Argentina and Britain will not take the Falkland Islands debate on Wikipedia seriously. In fact, most institutions choose to disregard this stigmatized site. Most high schools and colleges fail to understand that Wikipedia is the champion of skepticism. Through the goal of neutrality, Wikipedia ignites an online debate that challenges the very institution of history, promoting skepticism on traditional and subjective views of historic events. This is the type of debate we encounter in the Falkland Islands Wikipedia entry. One can easily access the “talk” section on each Wikipedia page and view what entries have been and are currently being disputed as opposed to history textbooks where the author’s bias is imposed and traditional views of history are recurrent.
Wikipedia challenges the notion that only winners write history by inviting winners, losers and third parties to debate the “facts.” Perhaps, the reason institutions are fearful of Wikipedia is that it democratizes knowledge. The site embodies participatory culture and challenges our established “truths.” Moreover, Wikipedia has approximately 100 thousand contributors that participate in 12 million edits on a monthly basis (source?).
Wikipedia will not resolve an international dispute. Nevertheless, the site is increasingly becoming a forum that challenges subjective, traditional and institutionalized information – and in the case of Falkland Islands, history. The entry remains intact along with the notion that Britain “reestablished” its rule and that Argentina “invaded.” However, looking at how information wars are conducted on Wikipedia can help us better understand the benefits of consensus. Argentina and Great Britain are two democracies that will continue to have diverging opinions on what took place in 1982 on the Falkland Islands.

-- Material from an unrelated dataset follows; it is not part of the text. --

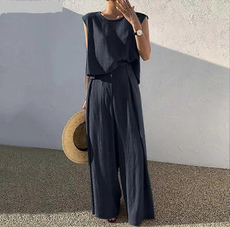 Women's Cotton Linen Two-piece Set: Sleeveless Top & Wide-leg Pants -

Nevertheless, the real threat for Argentina’s and Britain’s historic memories are not one another but Wikipedia, which poses a third power that will scrutinize, challenge and possibly even disprove what each of these nations holds as historic truths. Institutions, governments and international organizations may disregard these new conclusions. However, Wikipedia does not serve these powers, it serves the people and their knowledge.